Quantum networks, however, aim beyond mere QKD, which we must consider when designing quantum networks. The major problem that needs to be addressed is finding an efficient method for optimal dynamic routing in these large-scale quantum networks. It seems that teleportation (entanglement swapping) is, for now, the best method for establishing connections between distant parties in quantum networks [18]. Also, note that entanglement swapping is the core ingredient for quantum repeaters [19] and relays [20], allowing combating unfavorable scaling of losses. The unique features of quantum information prevent reliably employing classical tools such as shortest path and tree search algorithms [21]. This paper provides solutions to the routing problem in teleportation-based networks using reinforcement machine learning. The connection between two distant parties (Alice and Bob) in these networks is established by repeated use of entanglement swapping by several intermediate nodes resulting in an entangled state $\hat{\phi }$ shared by the above-mentioned parties, Alice and Bob (see Fig. 1) [22]. Once they share an entangled state, Alice and Bob are free to use it for secret key sharing [23], quantum state teleportation [24] or dense coding [25].

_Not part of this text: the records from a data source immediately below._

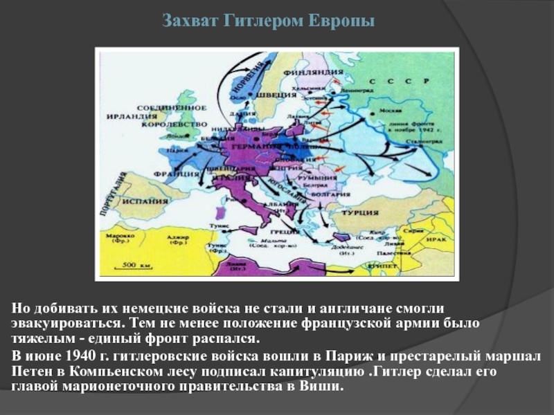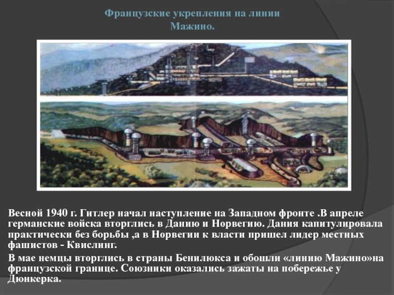 Норвегию. Дания капитулировала практически без борьбы ,а в Норвегии к власти пришел лидер местных фашистов - Квислинг.В мае немцы вторглись в страны Бенилюкса и обошли «линию Мажино»на французской границе. Союзники оказались зажаты на побережье у Дюнкерка.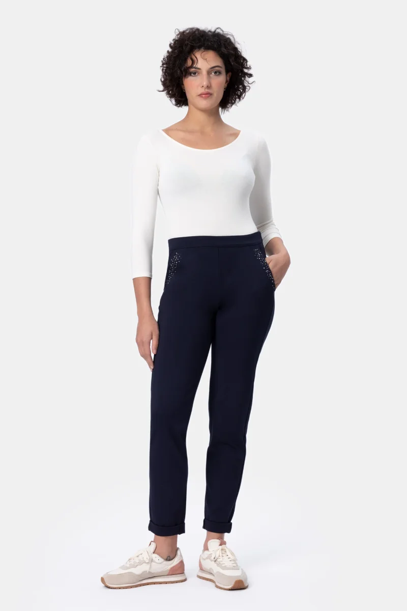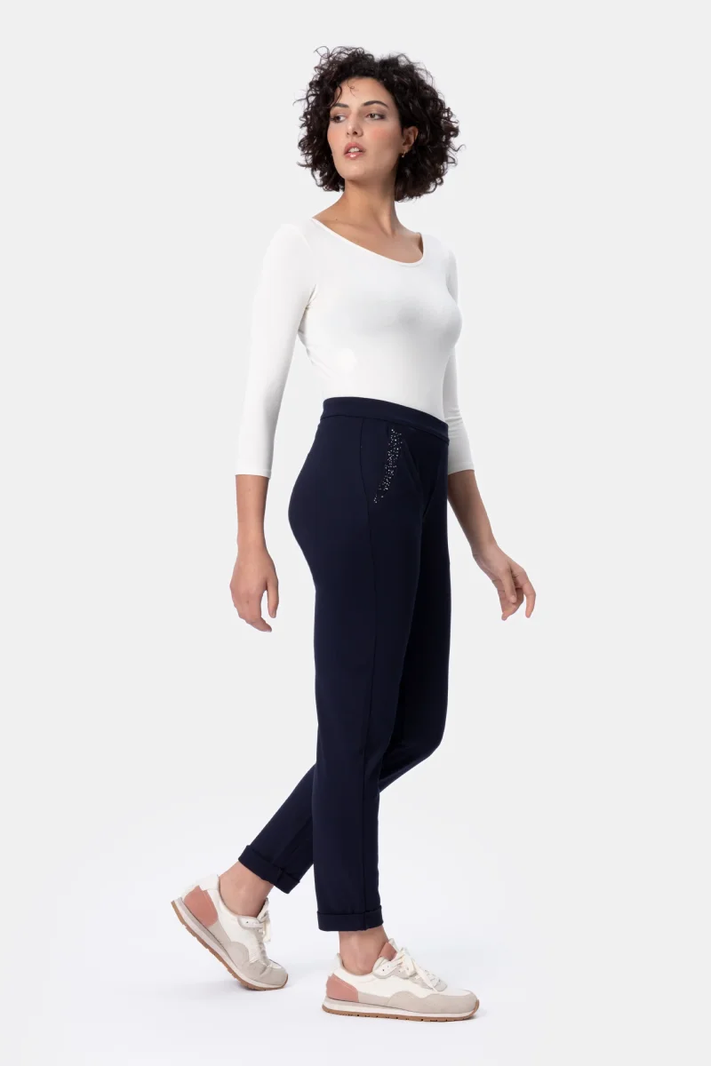 Punto milano leggero con dettaglio strass Punto milano peso tessuto leggero e super confortevole e comodocon dettaglio strass su tasche Peso tessuto: 4 stagioni Pantalone Jogger in punto milano leggero. Costruito con vita regolare elasticizzata, tutto chiuso con pratiche tasche davanti con dettaglio paillettes su tasche. L’elastico in interno cintura regala un comfort assoluto. Realizzato […]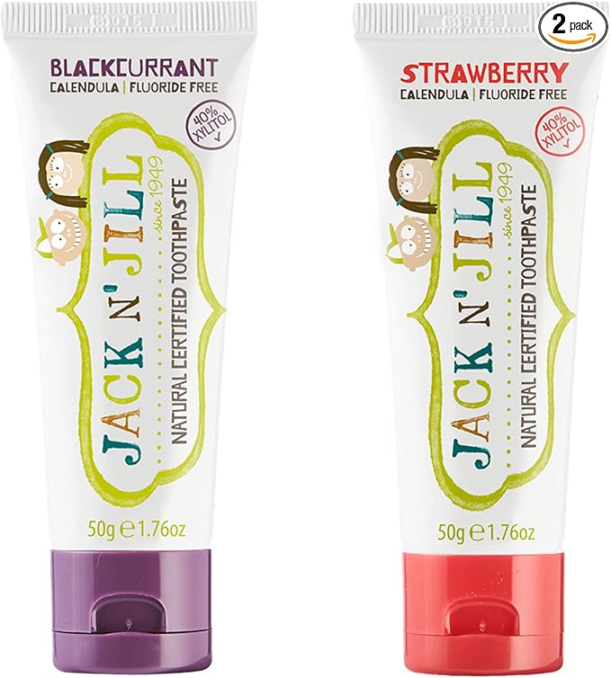 Jack N' Jill Natural Toothpaste for Kids - Fluoride Free Toothpaste, 40% Xylitol, BPA Free - Blackcurrant & Strawberry, 1.76 oz (2 Pack)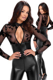 Exclusive style in a luxurious mix of materials! Emphasising jumpsuit from Noir in a tight cut with long sleeves and legs. Elegant, black powerwetlook with transparent, subtle velvet-flocked stretch tulle top. Soft and stretchy for a snug fit with maximum comfort. Large keyhole neckline at the front and back. Stand-up collar to close with buttons at the front. Full-length 2-way zip from the waist through the crotch to the bottom.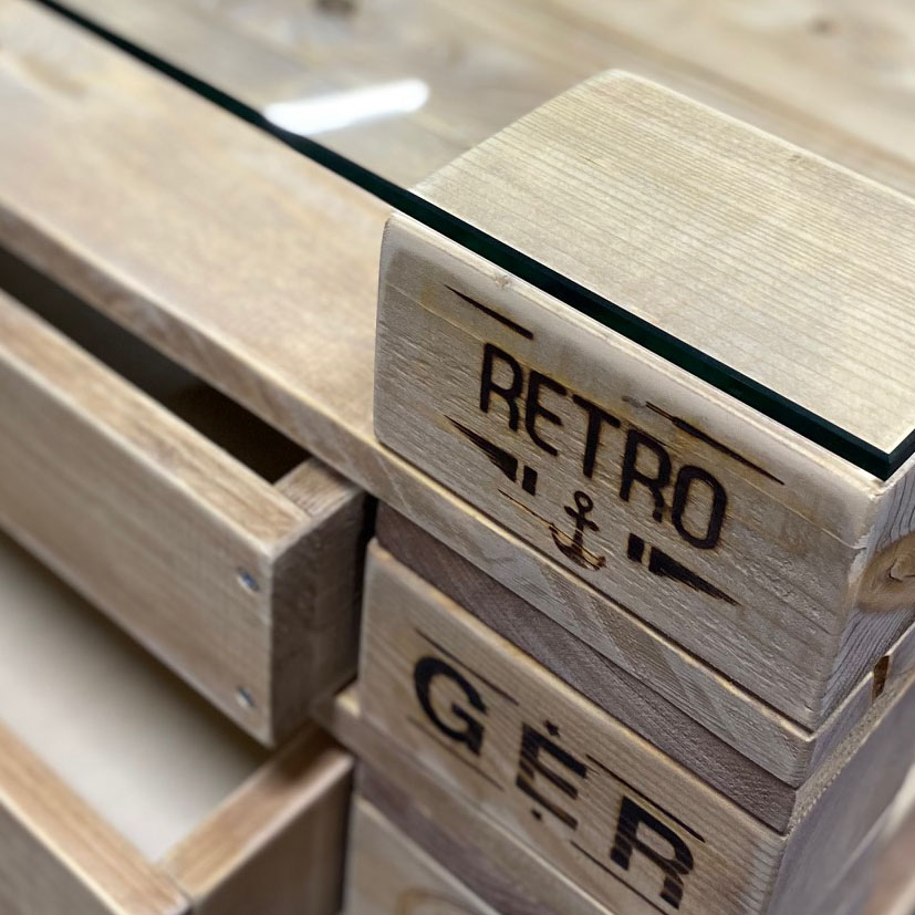massiver Couchtisch, Beistelltisch, Wohnzimmertisch, vintage gebeizt im typischen Europaletten Design Maße: Breite: 70 cm Tiefe: 40 cm Höhe: 54 cm Gewicht: 29 KgMaße, Gewicht und Farbgebung können materialbedingt minimal abweichen Material: Neuholz Kiefer / Fichte, Standard Auslieferung in Vintage gebeizt gerne auch unbehandel natur Auf Wunsch auch mit neutralen Klötzen ohne Branding Eigenschaften: verbaut mit 16 Europaletten-Klötzen 3 Schubfächer (durchgängig nach beiden Seiten zu öffnen) je 2 seitliche Ablage-Fächer 4 Lenkrollen (davon 2 mit Feststellfunktion) max. Belastbarkeit: 80 kg Lieferzustand: Originalverpackt & Neu Artikel wird fertig montiert geliefert ( Ausnahme: Rollen liegen transportbedingt bei ) Dekorationen im Lieferumfang nicht enthalten Versand: Versandkosten (nach Volumen / Gewicht) sind im jeweiligen Warenkorb ersichtlich Versand auf Inseln und ins Ausland nur auf Anfrage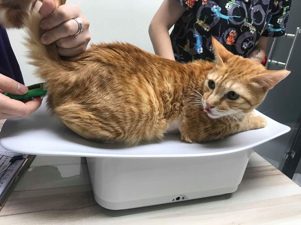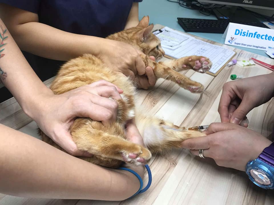 胸水檢驗確診為溼式腹膜炎。動物近況說明: 醫療上配合醫師指示,定期回診、驗血、照超音波、服藥,按日施打干擾素及造血針;照護方面,住三層籠隔離,每日測量呼吸心跳、備有氧氣機隨時讓牠可以舒緩呼吸、選擇適合牠的營養食物煮鮮食希望可以讓牠維持體力。
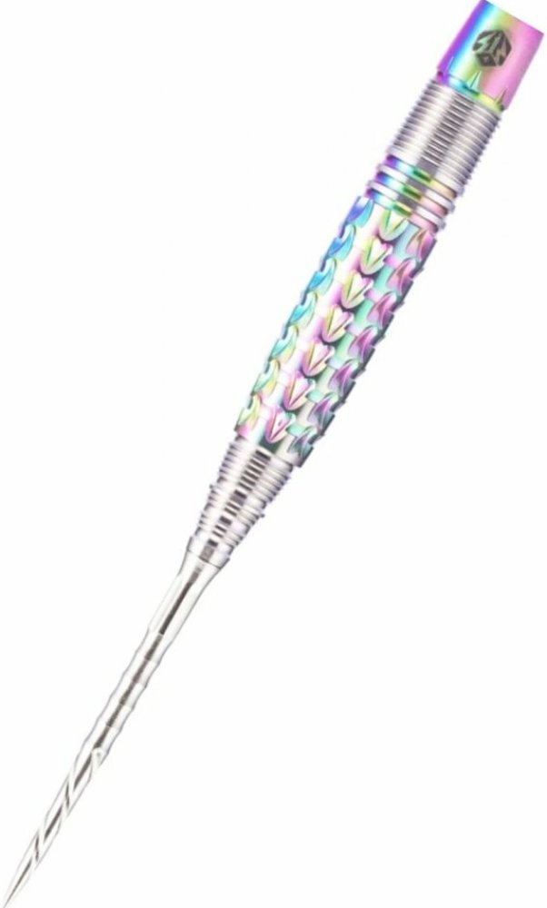 Steelové šipky Caliburn Player - Rynit jsou wolframové šipky (95% tungsten) v úchvatném designu. Barrely mají unikátní drážkování zvýrazněné duhovými barvami. Barrely jsou doplněny plastovými letkami s násadkami. Šipky mají vyměnitelný systém hrotů Caliburn Replaceable Point System. Dodávány jsou i s klíčem pro výměnu hrotů Caliburn (X1997).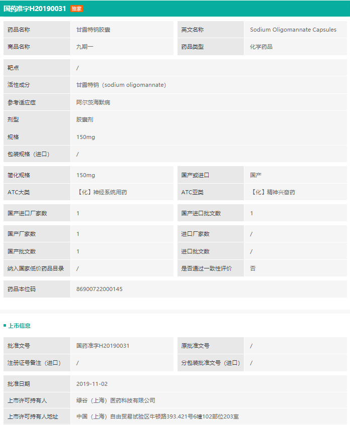 经药融云数据库查询,此前早在2019年11月,国家药品监督管理局就有条件批准了甘露特钠胶囊(商品名“九期一”)上市注册申请(批准文号:国药准字H20190031),用于轻度至中度阿尔茨海默病,改善患者认知功能,且到目前还是仅有绿谷医药拥有药品批文,独家生产。九期一是以海洋褐藻提取物为原料,制备获得的低分子酸性寡糖化合物,是我国自主研发并拥有自主知识产权的创新药,获得国家重大新药创制科技重大专项支持。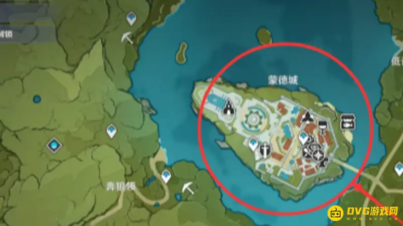 打开游戏地图并传送到蒙德城。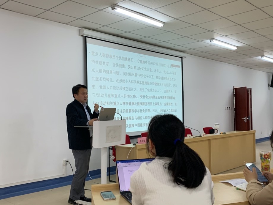 周教授引用习近平总书记“把论文写在祖国大地上”的指示精神,并指出其核心要义为:要解决中国的实际问题。随后周教授介绍了其课题组的主要研究方向和聚焦过程、开展研究工作及未来思路,并着重阐述了“山东农村老年健康队列研究(SREHC)”的研究设计和取得的系列高水平成果,详细介绍了研究方法、研究结果、结论以及政策建议。使同学们对老年人社会资本与认知衰弱这一领域的研究有了全面的认识。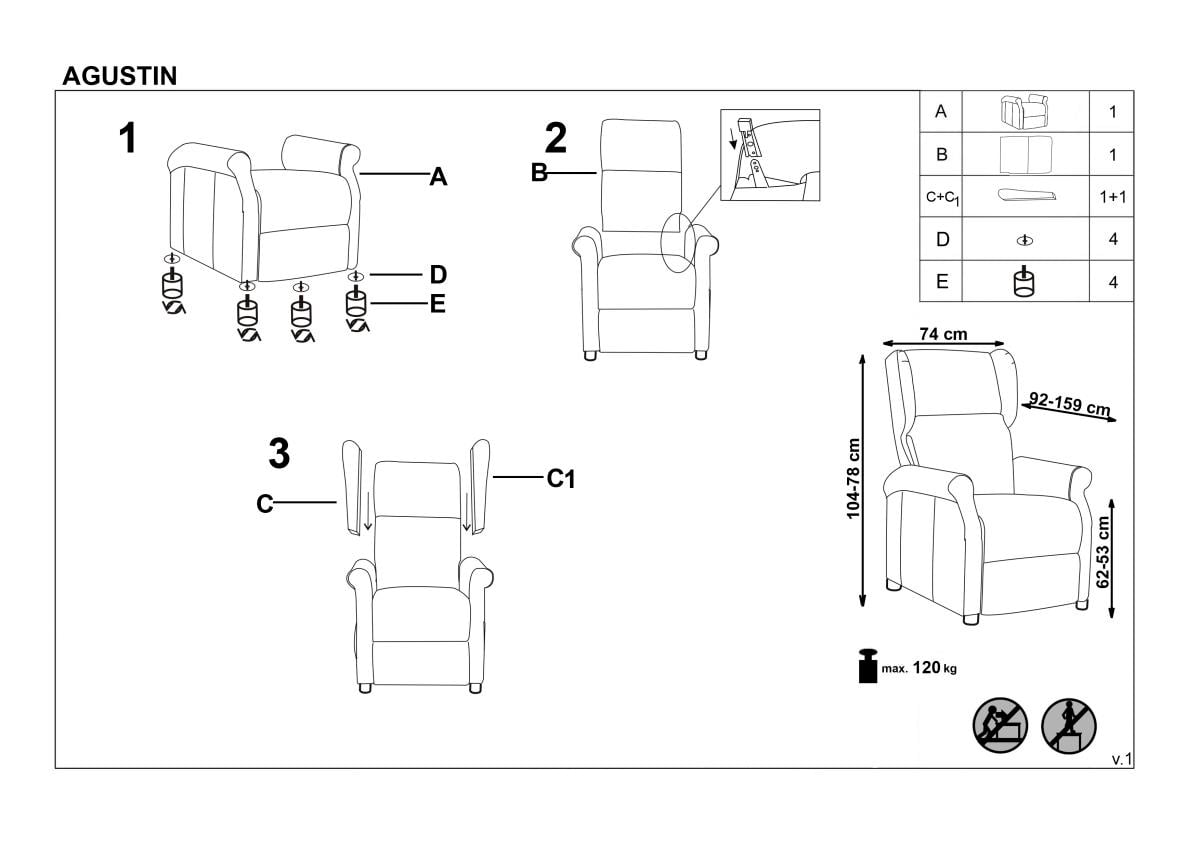 Кресло-реклайнер Halmar AGUSTIN 2 (бежевый)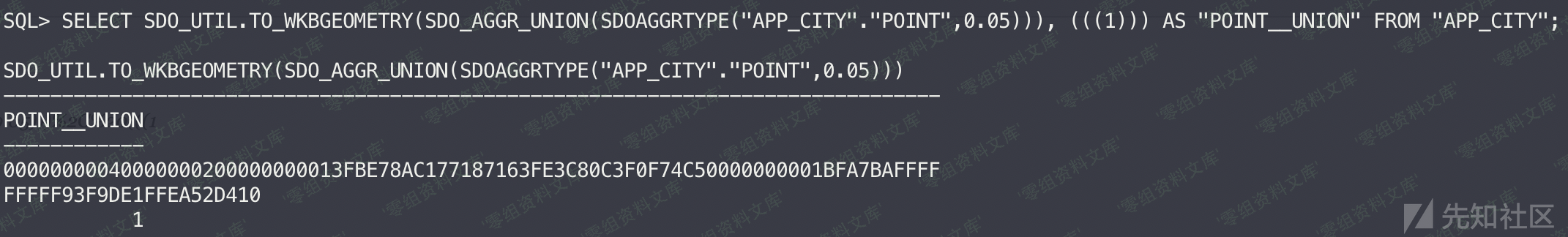 SELECT SDO_UTIL.TO_WKBGEOMETRY(SDO_AGGR_UNION(SDOAGGRTYPE(“APP_CITY”.”POINT”,0.05))), (((1))) AS “POINT__UNION” FROM “APP_CITY”;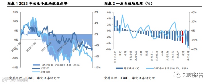 建材板块进入三季报密集披露期,本周末多家企业披露三季度经营数据及季报。①鸿路钢构:前三季度钢结构产品产量约 323.21 万吨,同比增长 31.35%,其中三 季度钢结构产量为 112.88 万吨;前三季度签订合同金额为 229.21 亿元,同比增长 17.14%,材料订单占比 99.77%;第三季度的重大合同订单多来自于光伏新能源产 业链等相关项目,预计未来轻钢产品占比将持续增加。②旗滨集团:2023 年前三季 度实现营收 111.85 亿元,同比增长 13.68%,实现归母净利润 12.48 亿元,同比下降 0.42%;前三季度销售毛利率为 23.36%,环比持续提升,销售净利率为 11.16%, 年初以来修复明显。浮法玻璃价格伴随下游补库,三季度稳步上涨,四季度在保交 楼任务支撑下,预计价格仍有上行空间;成本端压力可控,纯碱 8 月以来因供给收缩涨价,预计冷修线复产后四季度价格回落,企业盈利有望环比改善;公司坚持培 育新业务板块,光伏玻璃产能维持投产节奏,新产线已在今年 6、7、9 月陆续点火, 目前光伏玻璃价格处于底部,该业务板块有望。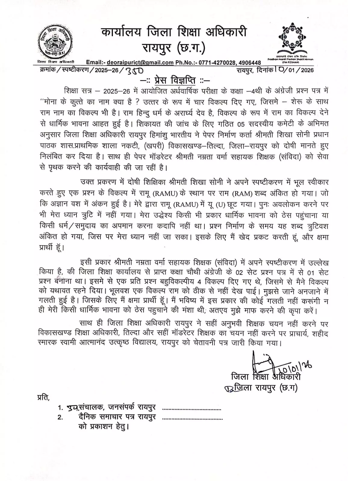 ”शिक्षा सत्र 2025-26 में आयोजित अर्धवार्षिक परीक्षा के कक्षा 4थी के अंग्रेजी प्रश्न पत्र में “मोना के कुत्ते का नाम क्या है? उत्तर के रूप में चार विकल्प दिए गए, जिसमे शेरू के साथ राम नाम का विकल्प भी है। राम हिन्दु धर्म के अरार्ध्य देव है, विकल्प के रूप में राम का विकल्प देने से धार्मिक भावना आहत हुई है। शिकायत की जांच के लिए गठित 05 सदस्यीय कमेटी के अभिमत अनुसार जिला शिक्षा अधिकारी रायपुर हिमांशु भारतीय ने पेपर निर्माण कर्ता शिखा सोनी प्रधान पाठक शास. प्राथमिक शाला नकटी, (खपरी) विकासखण्ड-तिल्दा, जिला-रायपुर को दोषी मानते हुए निलंबित कर दिया है। साथ ही पेपर मॉडरेटर नम्रता वर्मा सहायक शिक्षक (संविदा) को सेवा से पृथक करने की कार्यवाही की जा रहीं है।

Consecutive entanglement swapping in practical quantum networks will necessarily result in entanglement decay. It is therefore imperative to employ methods that minimize such an adverse effect. A recipe is provided in this paper in the form of reinforcement machine learning that efficiently searches for the best entanglement-preserving route possible between two given nodes. We benchmark our method against a naive Monte Carlo search and show that reinforcement learning performs considerably better in terms of resulting entanglement quality as well as in searching speed. Moreover, we present two quantum-specific examples where intelligent routing allows restoring a partially decayed entanglement (case of amplitude damping and correlated phase noise).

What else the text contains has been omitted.